» **EXERCISE DESCRIPTION**:
Restate word for word the section of the entries that opens at the line containing "신태용 감독이 이끄는" and closes at the line containing "客觀上,我國地下污水處理廠建", both lines kept, pictures dropped.

*** Opening TASK MATERIAL ***

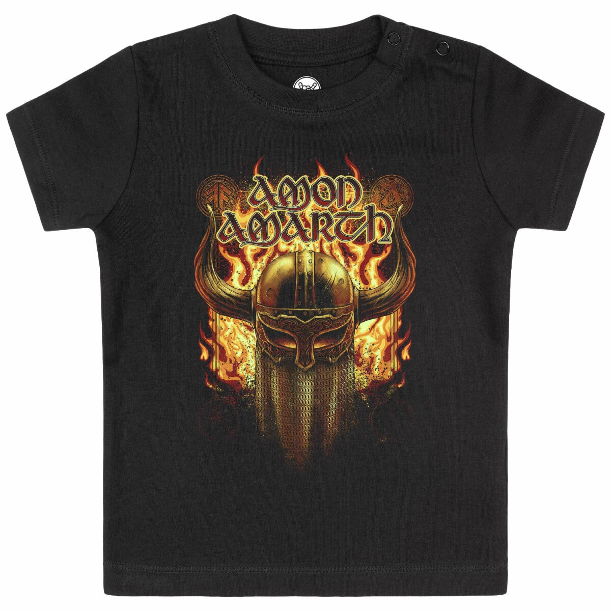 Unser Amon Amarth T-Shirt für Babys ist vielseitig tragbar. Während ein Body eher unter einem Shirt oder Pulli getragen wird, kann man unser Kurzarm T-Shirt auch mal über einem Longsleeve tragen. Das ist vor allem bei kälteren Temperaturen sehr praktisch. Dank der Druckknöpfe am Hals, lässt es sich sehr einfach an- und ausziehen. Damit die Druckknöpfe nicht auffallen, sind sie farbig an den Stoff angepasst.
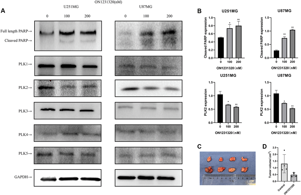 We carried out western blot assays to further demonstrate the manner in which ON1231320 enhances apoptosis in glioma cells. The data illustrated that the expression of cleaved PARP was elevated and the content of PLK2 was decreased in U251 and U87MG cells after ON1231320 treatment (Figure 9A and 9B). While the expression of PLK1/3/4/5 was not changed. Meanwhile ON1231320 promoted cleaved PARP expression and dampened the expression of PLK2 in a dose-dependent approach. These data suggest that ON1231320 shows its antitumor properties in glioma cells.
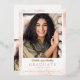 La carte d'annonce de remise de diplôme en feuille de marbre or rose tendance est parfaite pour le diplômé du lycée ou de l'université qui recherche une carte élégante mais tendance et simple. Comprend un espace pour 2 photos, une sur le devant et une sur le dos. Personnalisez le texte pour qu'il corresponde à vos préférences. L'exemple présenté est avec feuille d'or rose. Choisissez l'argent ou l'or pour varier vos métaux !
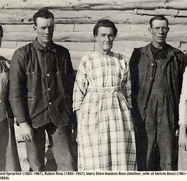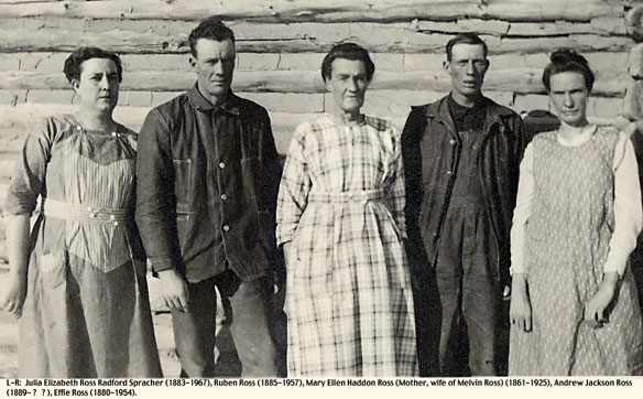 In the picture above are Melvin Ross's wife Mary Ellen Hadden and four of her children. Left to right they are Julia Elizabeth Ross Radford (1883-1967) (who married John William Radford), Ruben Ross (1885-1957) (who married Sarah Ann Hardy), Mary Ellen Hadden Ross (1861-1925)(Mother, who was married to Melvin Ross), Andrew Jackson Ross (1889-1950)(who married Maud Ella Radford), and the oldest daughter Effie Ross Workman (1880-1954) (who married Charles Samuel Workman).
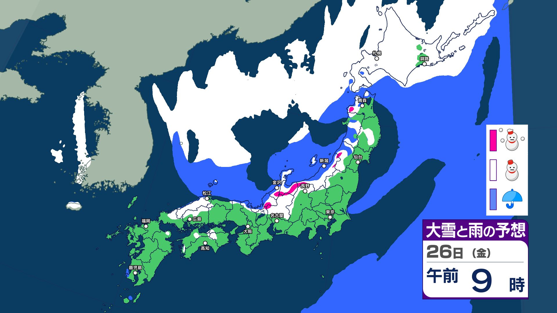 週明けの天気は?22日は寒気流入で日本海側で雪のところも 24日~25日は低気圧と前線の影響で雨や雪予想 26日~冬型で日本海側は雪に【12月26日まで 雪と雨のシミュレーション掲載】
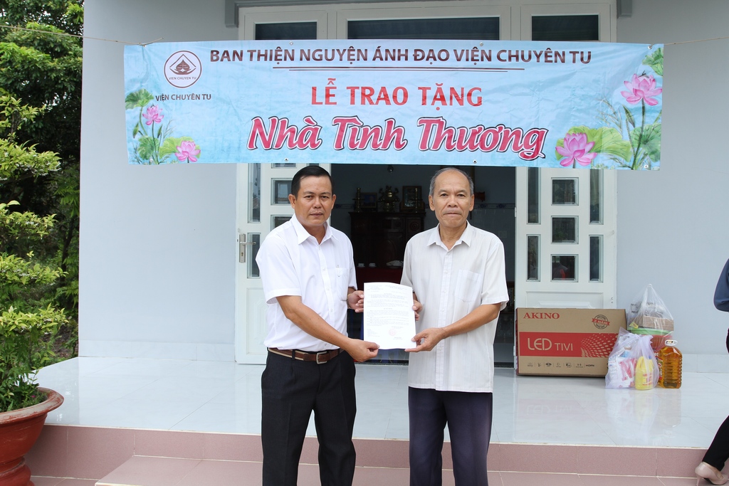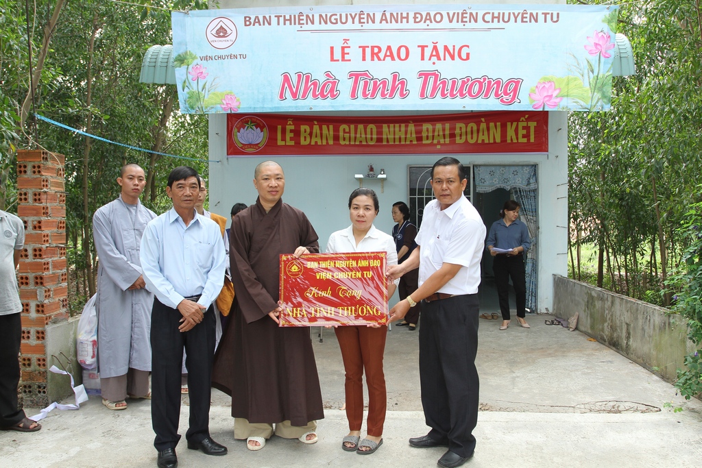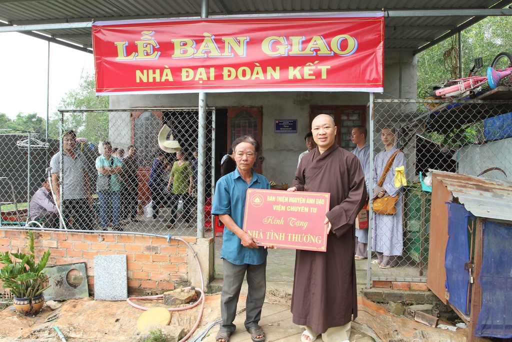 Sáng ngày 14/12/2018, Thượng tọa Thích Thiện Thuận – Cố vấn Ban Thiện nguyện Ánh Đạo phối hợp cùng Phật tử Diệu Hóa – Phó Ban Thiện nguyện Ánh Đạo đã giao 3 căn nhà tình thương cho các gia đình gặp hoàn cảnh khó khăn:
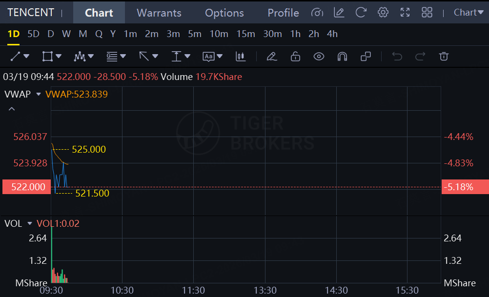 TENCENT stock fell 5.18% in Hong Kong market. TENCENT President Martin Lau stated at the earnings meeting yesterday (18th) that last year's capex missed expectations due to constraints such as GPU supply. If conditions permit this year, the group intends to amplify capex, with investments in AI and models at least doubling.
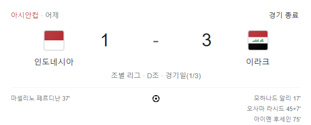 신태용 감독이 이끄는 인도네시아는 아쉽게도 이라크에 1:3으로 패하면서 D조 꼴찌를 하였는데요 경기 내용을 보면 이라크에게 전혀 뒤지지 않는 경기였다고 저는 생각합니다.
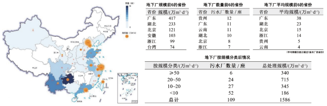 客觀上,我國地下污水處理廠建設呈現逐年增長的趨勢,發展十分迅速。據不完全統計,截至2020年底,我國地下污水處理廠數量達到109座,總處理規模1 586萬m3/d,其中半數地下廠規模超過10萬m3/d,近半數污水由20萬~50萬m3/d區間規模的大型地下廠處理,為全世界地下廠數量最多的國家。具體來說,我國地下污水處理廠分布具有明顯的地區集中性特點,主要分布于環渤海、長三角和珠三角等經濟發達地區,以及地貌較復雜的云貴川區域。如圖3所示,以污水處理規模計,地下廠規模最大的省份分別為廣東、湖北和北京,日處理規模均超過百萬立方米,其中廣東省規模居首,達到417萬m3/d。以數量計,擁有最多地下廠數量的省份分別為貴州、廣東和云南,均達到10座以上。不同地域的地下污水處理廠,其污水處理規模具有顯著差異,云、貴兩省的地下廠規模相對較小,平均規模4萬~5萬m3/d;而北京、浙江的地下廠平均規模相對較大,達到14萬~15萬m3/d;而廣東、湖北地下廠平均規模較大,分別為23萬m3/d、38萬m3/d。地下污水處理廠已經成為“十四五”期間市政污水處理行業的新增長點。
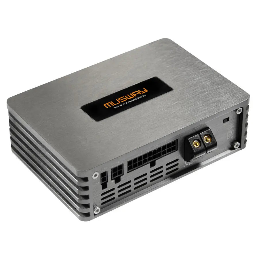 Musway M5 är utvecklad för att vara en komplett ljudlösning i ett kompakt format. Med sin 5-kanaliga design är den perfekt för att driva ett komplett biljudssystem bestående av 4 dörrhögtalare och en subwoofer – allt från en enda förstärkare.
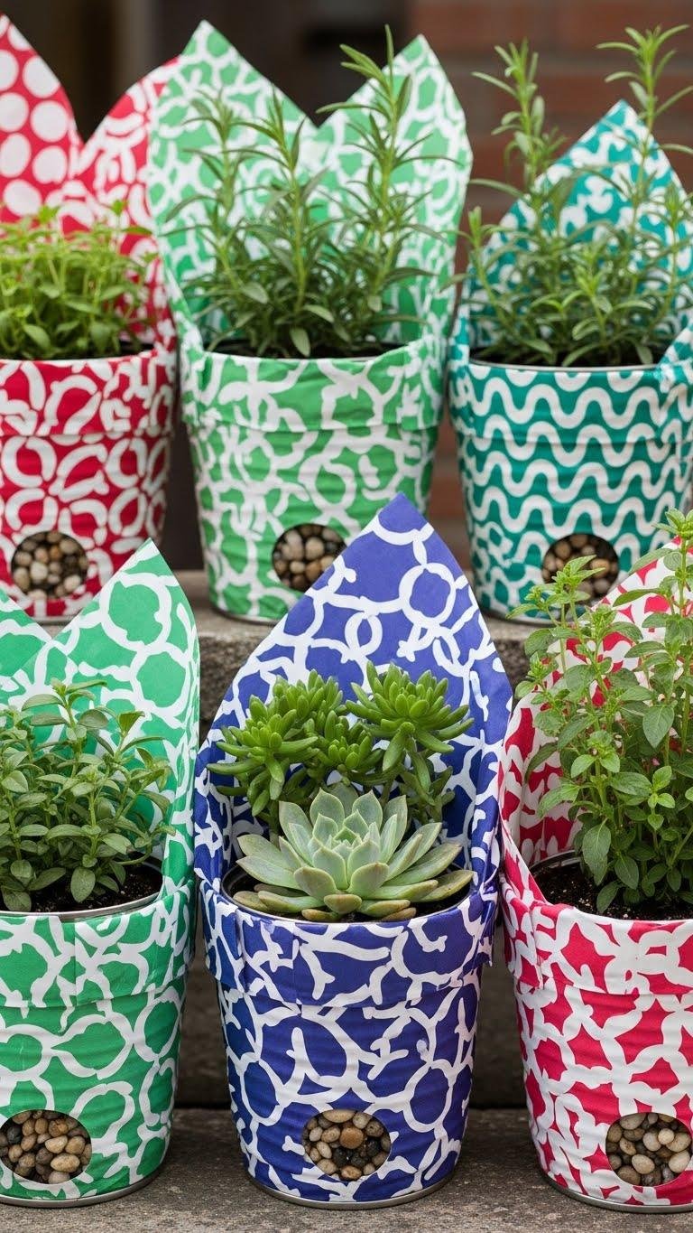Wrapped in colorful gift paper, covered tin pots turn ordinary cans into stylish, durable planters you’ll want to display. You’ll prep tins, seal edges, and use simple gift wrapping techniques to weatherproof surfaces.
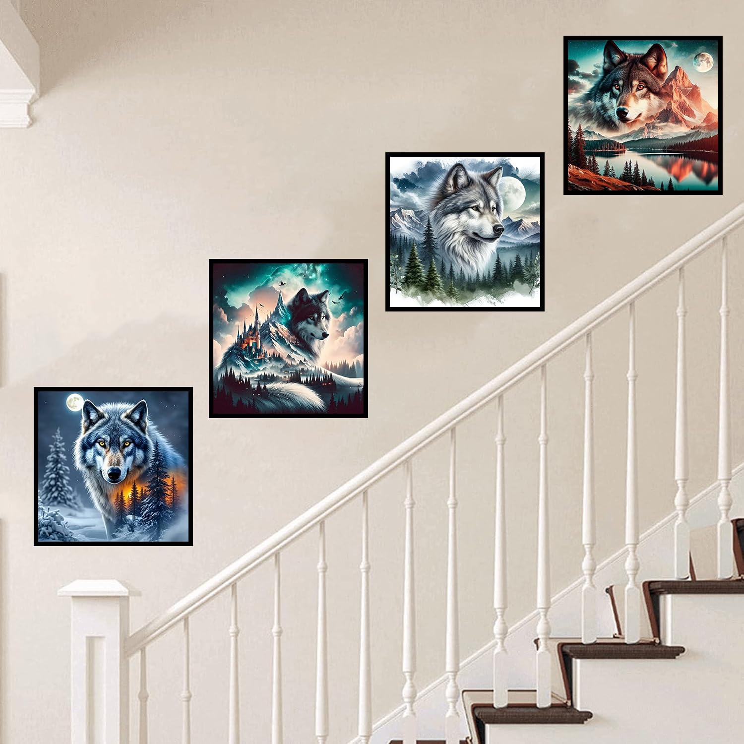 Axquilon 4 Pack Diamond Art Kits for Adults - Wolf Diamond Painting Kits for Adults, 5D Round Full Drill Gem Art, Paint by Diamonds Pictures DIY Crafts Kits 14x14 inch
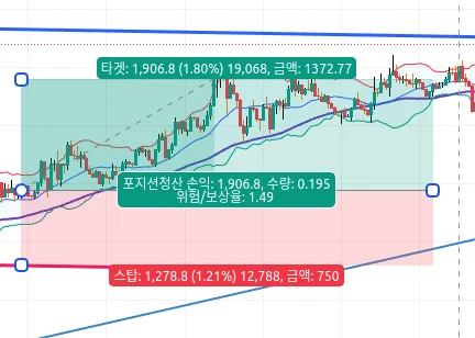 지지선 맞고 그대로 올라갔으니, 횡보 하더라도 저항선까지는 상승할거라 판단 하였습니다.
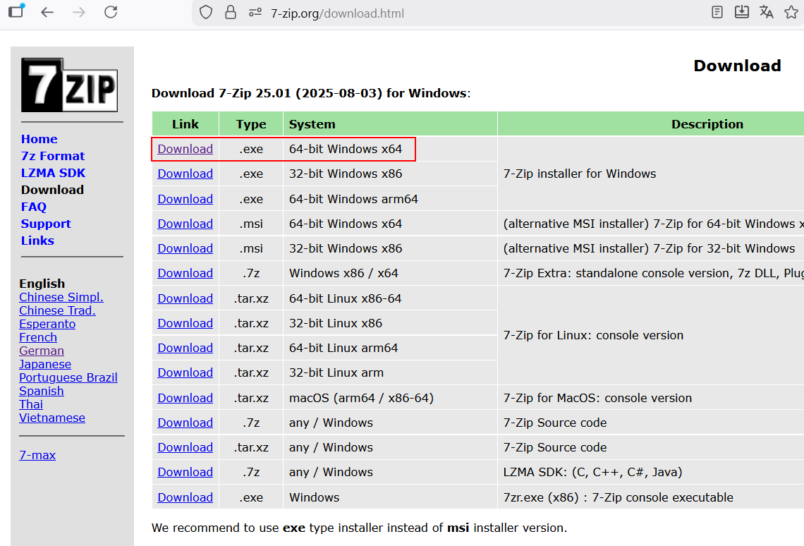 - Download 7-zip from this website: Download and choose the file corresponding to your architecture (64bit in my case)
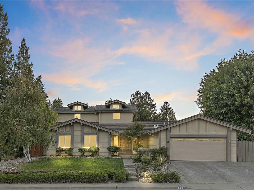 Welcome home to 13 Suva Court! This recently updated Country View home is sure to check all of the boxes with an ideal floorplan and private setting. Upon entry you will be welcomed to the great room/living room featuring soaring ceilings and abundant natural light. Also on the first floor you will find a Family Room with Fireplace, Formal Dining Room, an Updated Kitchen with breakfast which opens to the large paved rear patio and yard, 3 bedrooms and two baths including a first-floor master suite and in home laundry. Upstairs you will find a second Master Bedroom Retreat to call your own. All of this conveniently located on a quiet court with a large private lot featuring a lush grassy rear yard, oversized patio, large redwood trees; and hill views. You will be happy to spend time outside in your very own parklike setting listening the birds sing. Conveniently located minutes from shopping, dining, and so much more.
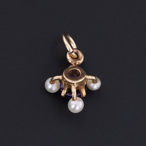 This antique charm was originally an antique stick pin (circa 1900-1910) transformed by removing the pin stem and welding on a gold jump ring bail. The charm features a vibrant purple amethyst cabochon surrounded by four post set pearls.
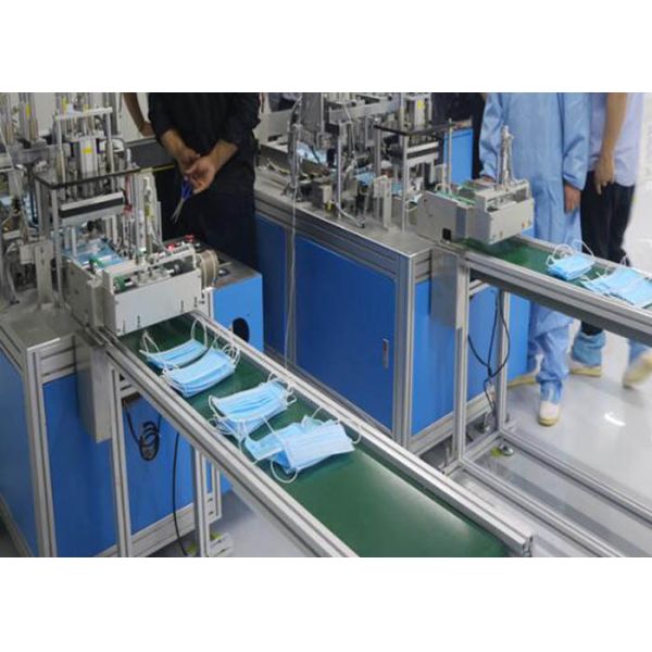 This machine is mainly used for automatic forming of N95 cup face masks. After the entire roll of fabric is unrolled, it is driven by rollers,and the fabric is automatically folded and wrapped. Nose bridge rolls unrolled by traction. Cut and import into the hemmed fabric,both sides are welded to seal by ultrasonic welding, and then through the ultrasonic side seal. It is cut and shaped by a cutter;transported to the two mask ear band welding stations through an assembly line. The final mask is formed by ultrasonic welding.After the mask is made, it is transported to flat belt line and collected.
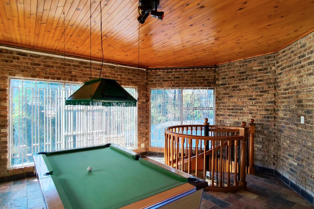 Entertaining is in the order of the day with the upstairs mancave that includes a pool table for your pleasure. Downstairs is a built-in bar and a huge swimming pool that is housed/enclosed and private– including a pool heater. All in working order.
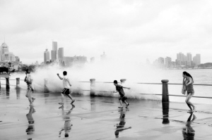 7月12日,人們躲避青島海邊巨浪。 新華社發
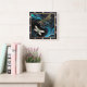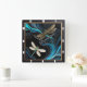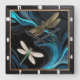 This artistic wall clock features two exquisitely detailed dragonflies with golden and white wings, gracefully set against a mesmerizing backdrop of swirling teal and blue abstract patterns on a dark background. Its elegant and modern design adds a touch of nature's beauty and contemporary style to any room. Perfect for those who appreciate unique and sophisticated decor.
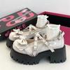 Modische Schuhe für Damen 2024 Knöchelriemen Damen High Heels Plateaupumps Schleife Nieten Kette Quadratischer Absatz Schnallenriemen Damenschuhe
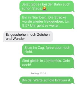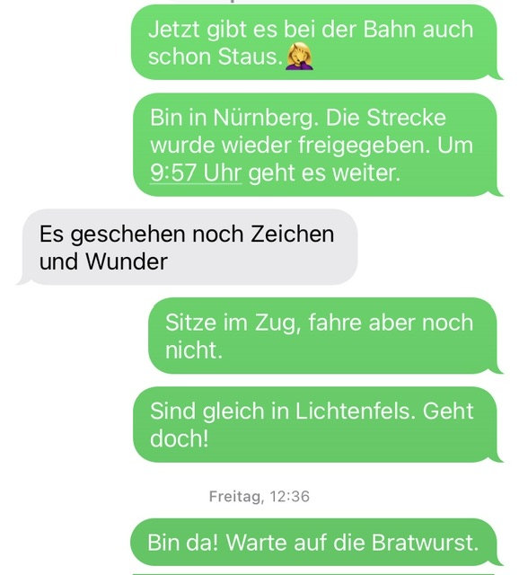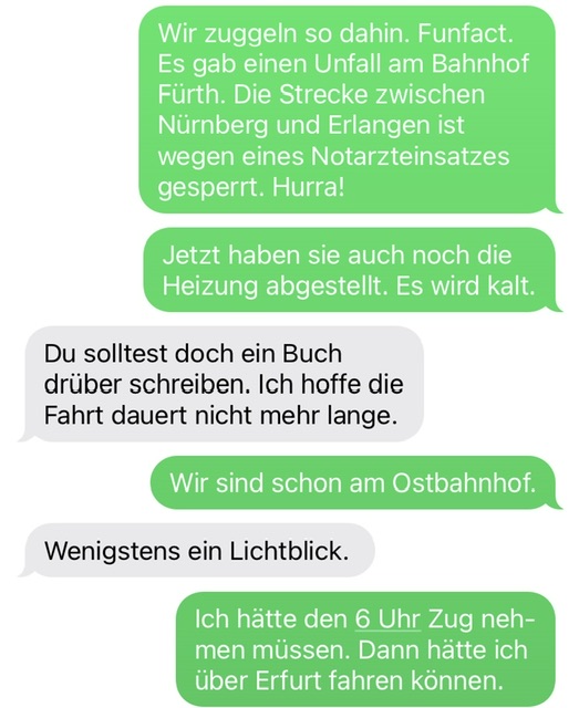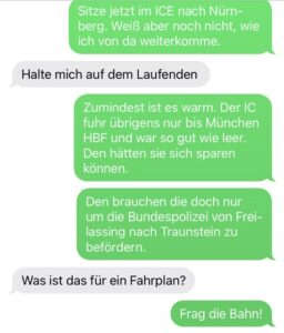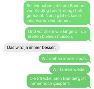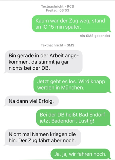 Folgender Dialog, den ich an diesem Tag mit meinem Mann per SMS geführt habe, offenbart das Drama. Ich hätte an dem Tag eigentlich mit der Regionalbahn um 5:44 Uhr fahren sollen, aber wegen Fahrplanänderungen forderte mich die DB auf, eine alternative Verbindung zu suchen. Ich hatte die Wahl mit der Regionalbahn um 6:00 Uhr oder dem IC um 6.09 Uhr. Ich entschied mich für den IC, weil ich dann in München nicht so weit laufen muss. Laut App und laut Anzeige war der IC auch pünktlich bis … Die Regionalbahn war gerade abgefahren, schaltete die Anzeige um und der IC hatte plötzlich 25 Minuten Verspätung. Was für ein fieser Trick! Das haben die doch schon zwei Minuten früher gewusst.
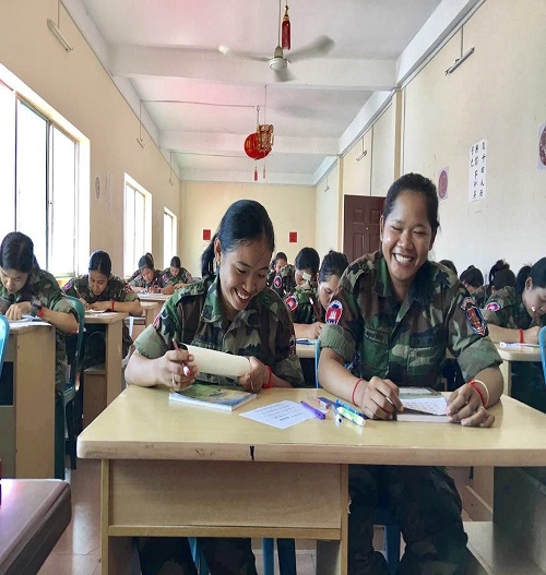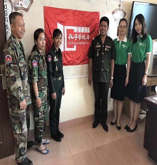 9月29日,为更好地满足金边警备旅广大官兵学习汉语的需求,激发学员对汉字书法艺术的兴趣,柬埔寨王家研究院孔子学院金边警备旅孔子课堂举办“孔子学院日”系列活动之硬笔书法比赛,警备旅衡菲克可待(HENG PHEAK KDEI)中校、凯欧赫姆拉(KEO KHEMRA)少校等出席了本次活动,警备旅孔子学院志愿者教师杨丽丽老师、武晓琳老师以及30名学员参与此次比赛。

*** Closing TASK MATERIAL ***

» **RESPONSE**:
 신태용 감독이 이끄는 인도네시아는 아쉽게도 이라크에 1:3으로 패하면서 D조 꼴찌를 하였는데요 경기 내용을 보면 이라크에게 전혀 뒤지지 않는 경기였다고 저는 생각합니다.
 客觀上,我國地下污水處理廠建設呈現逐年增長的趨勢,發展十分迅速。據不完全統計,截至2020年底,我國地下污水處理廠數量達到109座,總處理規模1 586萬m3/d,其中半數地下廠規模超過10萬m3/d,近半數污水由20萬~50萬m3/d區間規模的大型地下廠處理,為全世界地下廠數量最多的國家。具體來說,我國地下污水處理廠分布具有明顯的地區集中性特點,主要分布于環渤海、長三角和珠三角等經濟發達地區,以及地貌較復雜的云貴川區域。如圖3所示,以污水處理規模計,地下廠規模最大的省份分別為廣東、湖北和北京,日處理規模均超過百萬立方米,其中廣東省規模居首,達到417萬m3/d。以數量計,擁有最多地下廠數量的省份分別為貴州、廣東和云南,均達到10座以上。不同地域的地下污水處理廠,其污水處理規模具有顯著差異,云、貴兩省的地下廠規模相對較小,平均規模4萬~5萬m3/d;而北京、浙江的地下廠平均規模相對較大,達到14萬~15萬m3/d;而廣東、湖北地下廠平均規模較大,分別為23萬m3/d、38萬m3/d。地下污水處理廠已經成為“十四五”期間市政污水處理行業的新增長點。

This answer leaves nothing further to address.